- THE PROBLEM: An exact, picture-free copy of the listing is required.

- WORKING DATA:
_ _ _

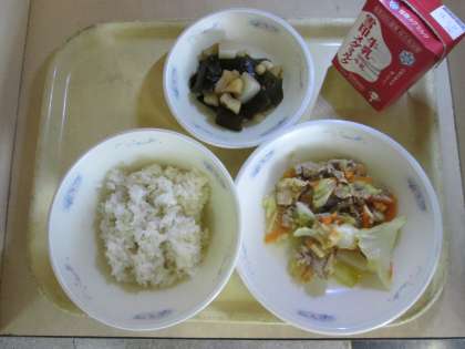 今日の「豚肉とキャベツのみそいため」は,今が旬(しゅん)の春キャベツをつかったこんだてでした。
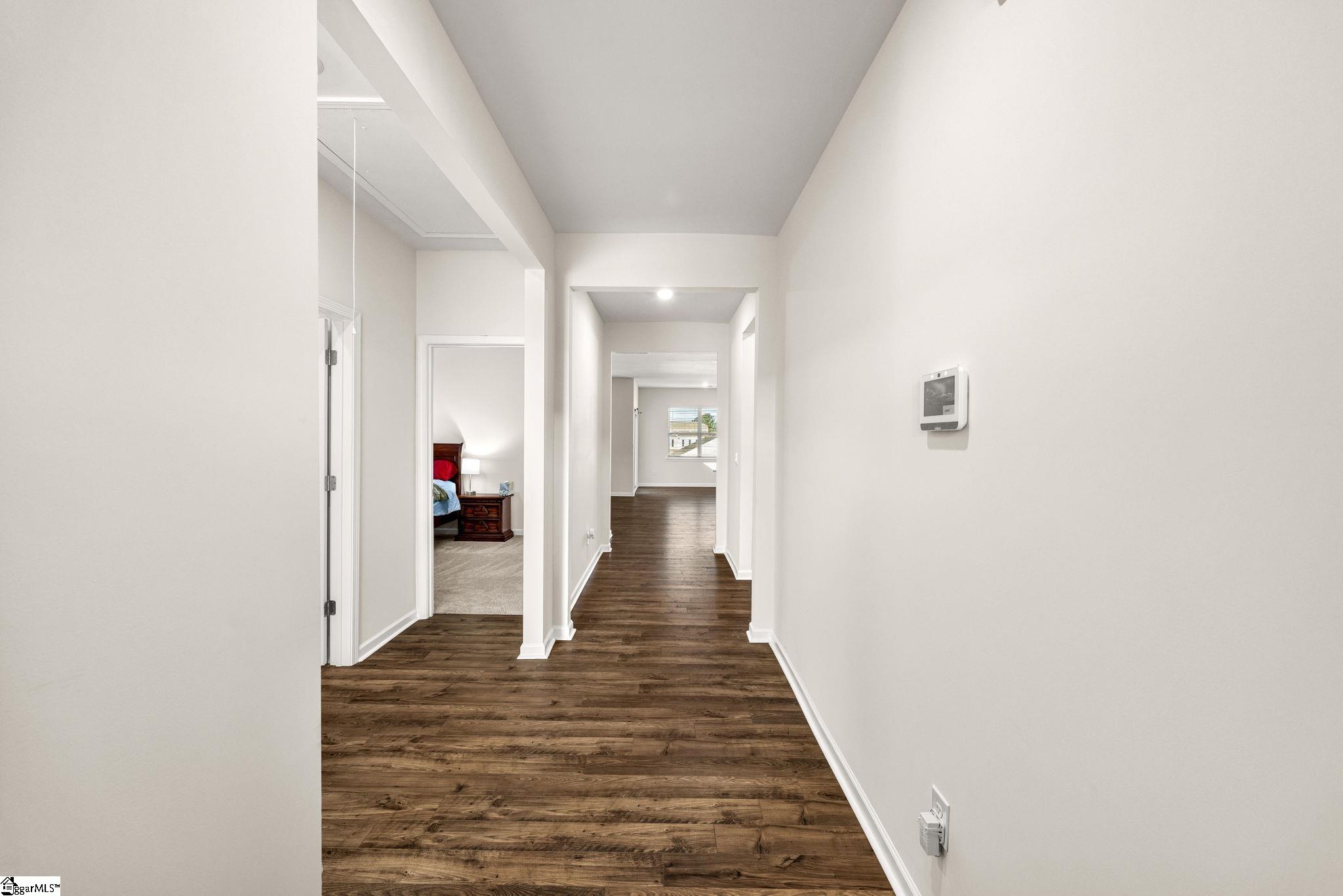Welcome to Brookside Farms in the desirable Mountain View community of Greer, where everyday living feels like a retreat. Enjoy breathtaking mountain views, gently rolling homesites, and scenic walking trails that wind through the neighborhood, leading to a stunning clubhouse and open-air pavilion. Whether you’re unwinding by the outdoor fireplace or gathering with friends and neighbors indoors, this community was designed for both relaxation and connection. The amenities truly set this neighborhood apart featuring two resort-style pools, pickleball and bocce ball courts, and a playground perfect for making lifelong memories. All of this is conveniently located just minutes from shopping, dining, hospitals, and more. Inside, this thoughtfully designed one-story home offers 3 bedrooms with a layout that blends comfort and functionality. The private primary suite is tucked toward the back of the home, while two secondary bedrooms sit at the front ideal for guests, family, or a home office. The open-concept living space features a cozy gas log fireplace and flows seamlessly into the kitchen, complete with granite countertops, Whirlpool stainless steel appliances, and a spacious walk-in pantry. The primary suite includes a generous walk-in closet and an en-suite bath with dual Venetian marble vanities and a large walk-in shower. A centrally located walk-in laundry room adds convenience, while the 2-car garage and covered back porch complete this highly desirable floor plan. This home also includes a smart home package, bringing modern connectivity and ease to your daily life.
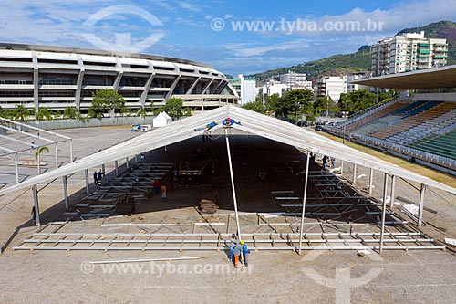 Reforma do Estádio Jornalista Mário Filho também conhecido como Maracanã para a Copa do Mundo de 2014 - Estádio de Atletismo Célio de Barros à esquerda e avenida Presidente Castelo Branco ao fundo - Rio de Janeiro - Rio de Janeiro - Brasil
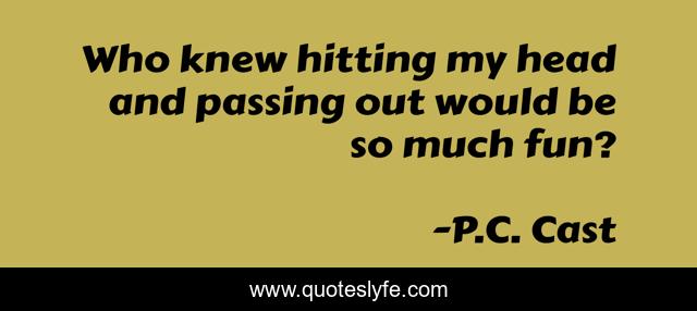 This page presents the quote "Who knew hitting my head and passing out would be so much fun?". Author of this quote is P.C. Cast. This quote is about fun, funny, comedy, humor, marked,.
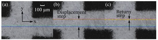 From Figure 10a (x-axis), the mean straightness error without holding current was , and it decreased to 4 with 1 holding current. From Figure 10b (y-axis), the mean straightness error without holding current was , and it decreased to with 1 holding current. These results show that the holding current reduced the straightness error, thanks to the use of the EDA silicon cavity wall (fabricated with microfabrication techniques) as a straight guide for the mpm movement.
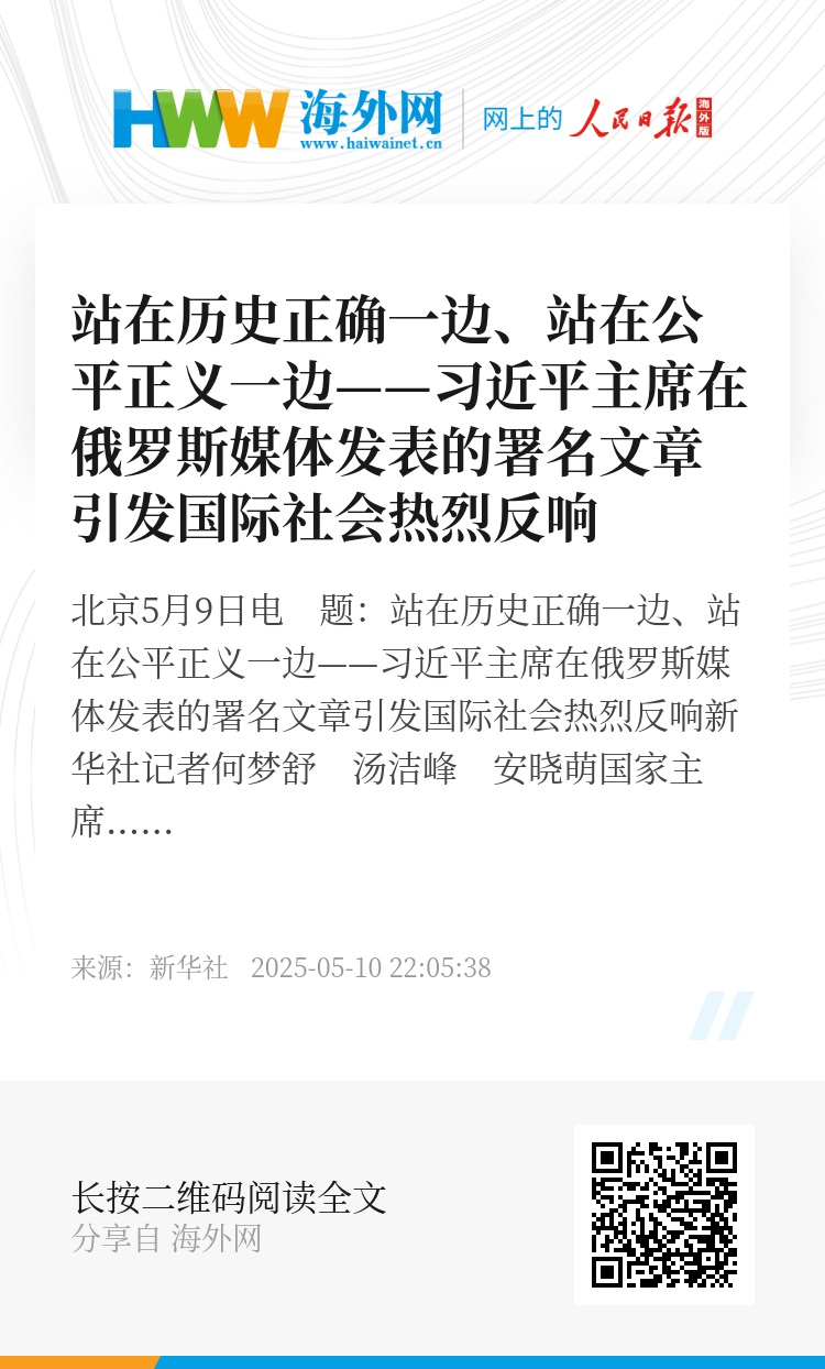 新华社北京5月9日电 题:站在历史正确一边、站在公平正义一边——习近平主席在俄罗斯媒体发表的署名文章引发国际社会热烈反响
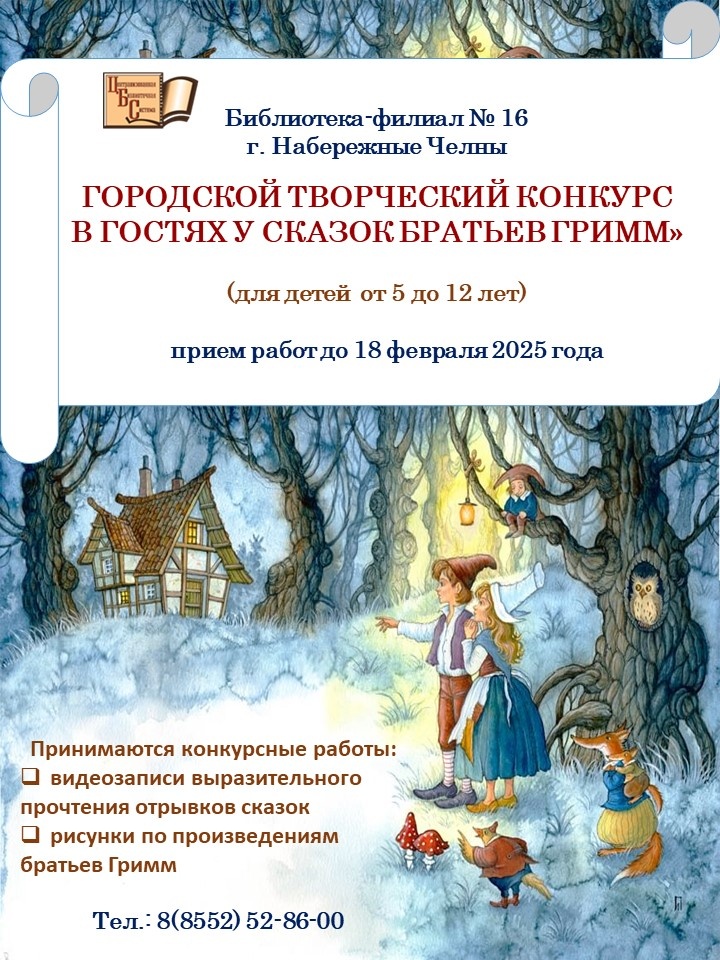 С 13 января по 18 февраля 2025 года МБУ «Централизованная библиотечная система» приглашает детей от 5 до 12 лет принять участие в городском творческом конкурсе «В гостях у сказок братьев Гримм».
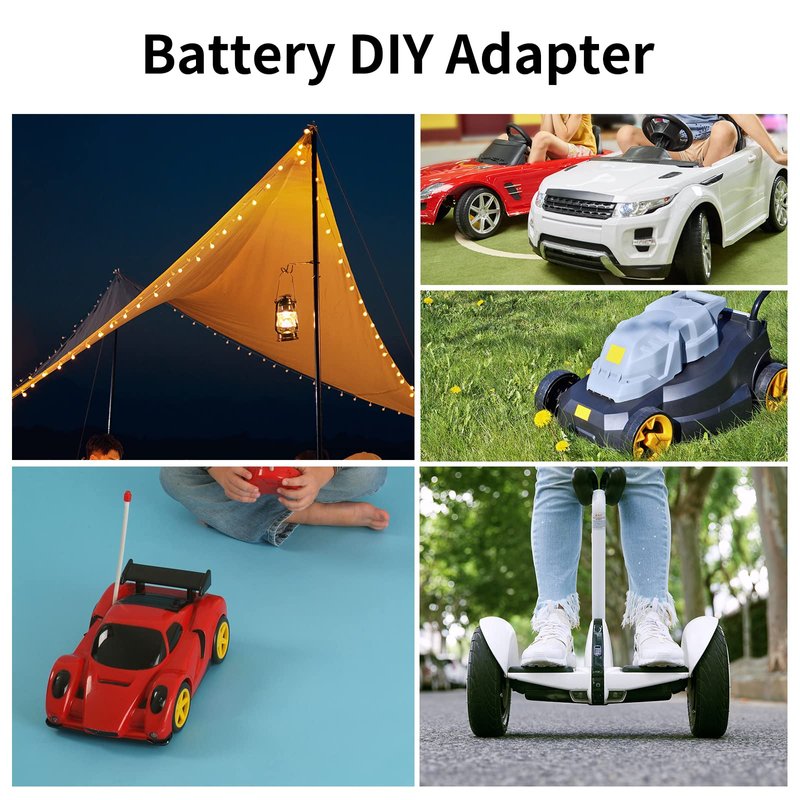 - Enjoy the DIY: Power Adapter is widely used in power wheels, motors, auto trucks, robotics, toys, golf carts, led strip lights, electric fans, screens, monitoring systems, solar panels and other DIY.
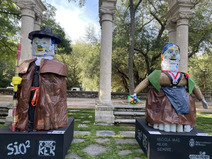 Josué TemiñoLas esculturas estarán ubicadas hasta el día 21 de septiembre en los Arcos de Castilfalé del Paseo de la Isla. Las cinco obras de arte, que representan el Arco de Santamaría, el Gigantillo y la Gigantilla, la Catedral de Burgos y el Cid Campeador, serán de nuevo depositadas en sus respectivos contenedores para ser recicladas.
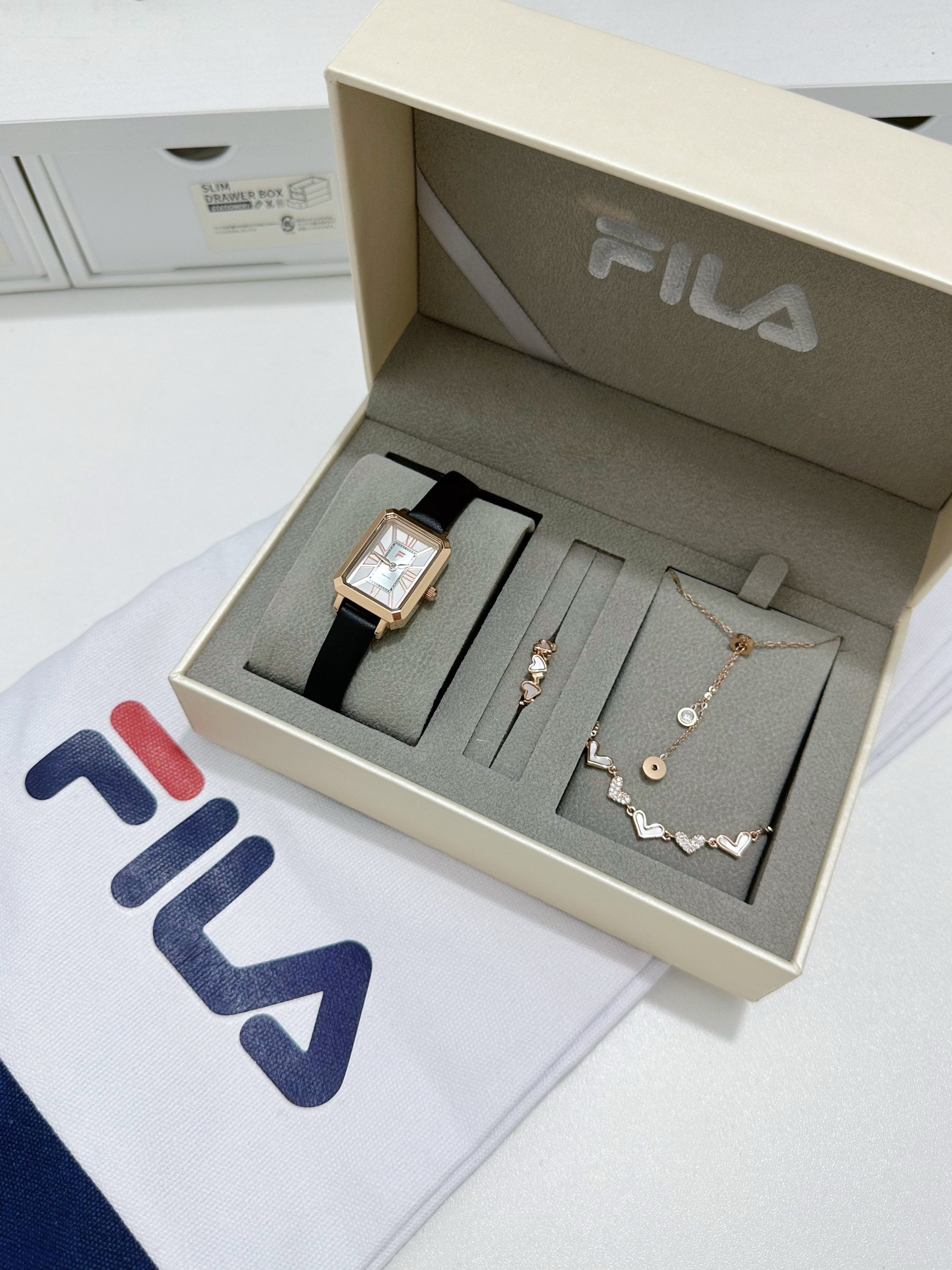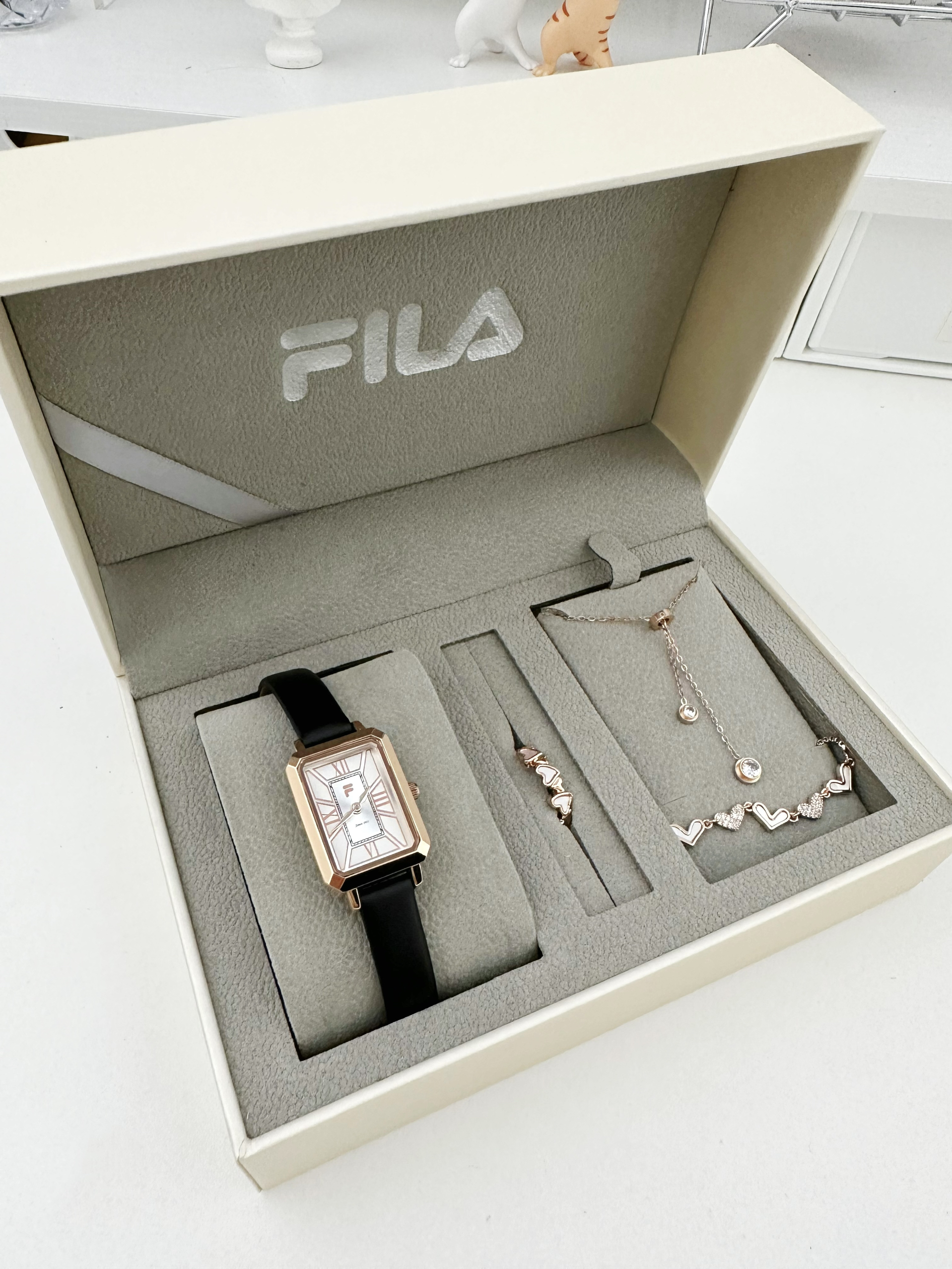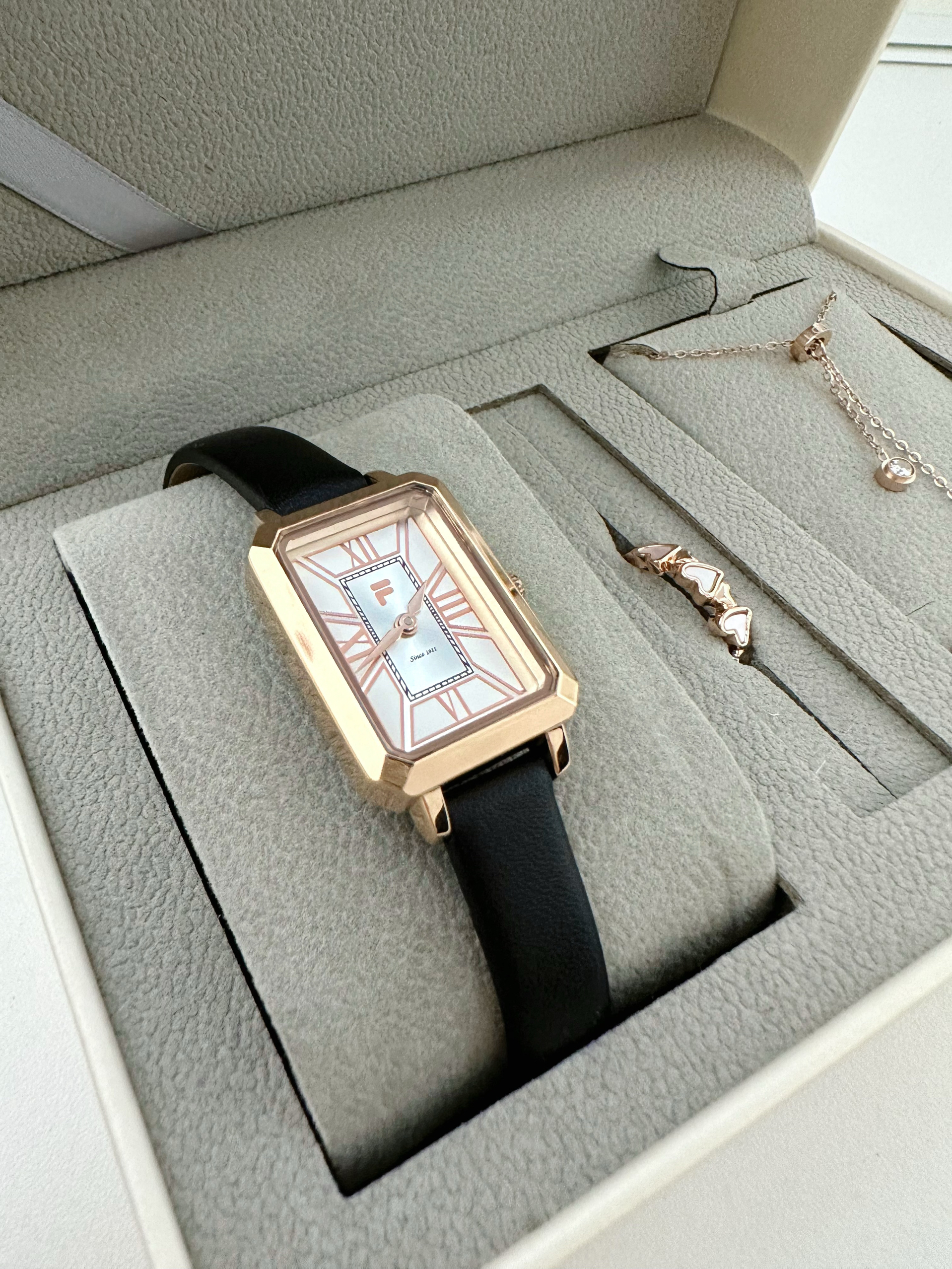 最近真的很表白斐乐的复古小方表⌚️ 皮质表带➕玫瑰金表盘 真的好有气质啊!!! 还送了项链戒指手链一套饰品 礼盒也很高级哦~
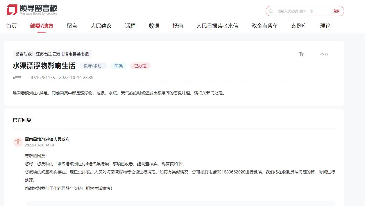“門前溝渠中都是漂浮物,有垃圾、水瓶等?!边B云港灌南縣堆溝港鎮(zhèn)劉莊村的席先生留言后也很快得到跟進(jìn)處理。他在問題解決后跟評說,“我在家看到政府工作人員來我們劉莊溝渠清理和打撈瓶子、塑料袋這些生活垃圾了,現(xiàn)在河里很干凈,跟之前大不相同,而且中午的時(shí)候也沒什么臭味了。政府那么快地處理這件事,我真的特別滿意?!?/p>

_ _ _

- FINAL ANSWER:
 今日の「豚肉とキャベツのみそいため」は,今が旬(しゅん)の春キャベツをつかったこんだてでした。
Welcome to Brookside Farms in the desirable Mountain View community of Greer, where everyday living feels like a retreat. Enjoy breathtaking mountain views, gently rolling homesites, and scenic walking trails that wind through the neighborhood, leading to a stunning clubhouse and open-air pavilion. Whether you’re unwinding by the outdoor fireplace or gathering with friends and neighbors indoors, this community was designed for both relaxation and connection. The amenities truly set this neighborhood apart featuring two resort-style pools, pickleball and bocce ball courts, and a playground perfect for making lifelong memories. All of this is conveniently located just minutes from shopping, dining, hospitals, and more. Inside, this thoughtfully designed one-story home offers 3 bedrooms with a layout that blends comfort and functionality. The private primary suite is tucked toward the back of the home, while two secondary bedrooms sit at the front ideal for guests, family, or a home office. The open-concept living space features a cozy gas log fireplace and flows seamlessly into the kitchen, complete with granite countertops, Whirlpool stainless steel appliances, and a spacious walk-in pantry. The primary suite includes a generous walk-in closet and an en-suite bath with dual Venetian marble vanities and a large walk-in shower. A centrally located walk-in laundry room adds convenience, while the 2-car garage and covered back porch complete this highly desirable floor plan. This home also includes a smart home package, bringing modern connectivity and ease to your daily life.
 Reforma do Estádio Jornalista Mário Filho também conhecido como Maracanã para a Copa do Mundo de 2014 - Estádio de Atletismo Célio de Barros à esquerda e avenida Presidente Castelo Branco ao fundo - Rio de Janeiro - Rio de Janeiro - Brasil
 This page presents the quote "Who knew hitting my head and passing out would be so much fun?". Author of this quote is P.C. Cast. This quote is about fun, funny, comedy, humor, marked,.
 From Figure 10a (x-axis), the mean straightness error without holding current was , and it decreased to 4 with 1 holding current. From Figure 10b (y-axis), the mean straightness error without holding current was , and it decreased to with 1 holding current. These results show that the holding current reduced the straightness error, thanks to the use of the EDA silicon cavity wall (fabricated with microfabrication techniques) as a straight guide for the mpm movement.
 新华社北京5月9日电 题:站在历史正确一边、站在公平正义一边——习近平主席在俄罗斯媒体发表的署名文章引发国际社会热烈反响
 С 13 января по 18 февраля 2025 года МБУ «Централизованная библиотечная система» приглашает детей от 5 до 12 лет принять участие в городском творческом конкурсе «В гостях у сказок братьев Гримм».
 - Enjoy the DIY: Power Adapter is widely used in power wheels, motors, auto trucks, robotics, toys, golf carts, led strip lights, electric fans, screens, monitoring systems, solar panels and other DIY.
 Josué TemiñoLas esculturas estarán ubicadas hasta el día 21 de septiembre en los Arcos de Castilfalé del Paseo de la Isla. Las cinco obras de arte, que representan el Arco de Santamaría, el Gigantillo y la Gigantilla, la Catedral de Burgos y el Cid Campeador, serán de nuevo depositadas en sus respectivos contenedores para ser recicladas.
 最近真的很表白斐乐的复古小方表⌚️ 皮质表带➕玫瑰金表盘 真的好有气质啊!!! 还送了项链戒指手链一套饰品 礼盒也很高级哦~
“門前溝渠中都是漂浮物,有垃圾、水瓶等?!边B云港灌南縣堆溝港鎮(zhèn)劉莊村的席先生留言后也很快得到跟進(jìn)處理。他在問題解決后跟評說,“我在家看到政府工作人員來我們劉莊溝渠清理和打撈瓶子、塑料袋這些生活垃圾了,現(xiàn)在河里很干凈,跟之前大不相同,而且中午的時(shí)候也沒什么臭味了。政府那么快地處理這件事,我真的特別滿意?!?/p>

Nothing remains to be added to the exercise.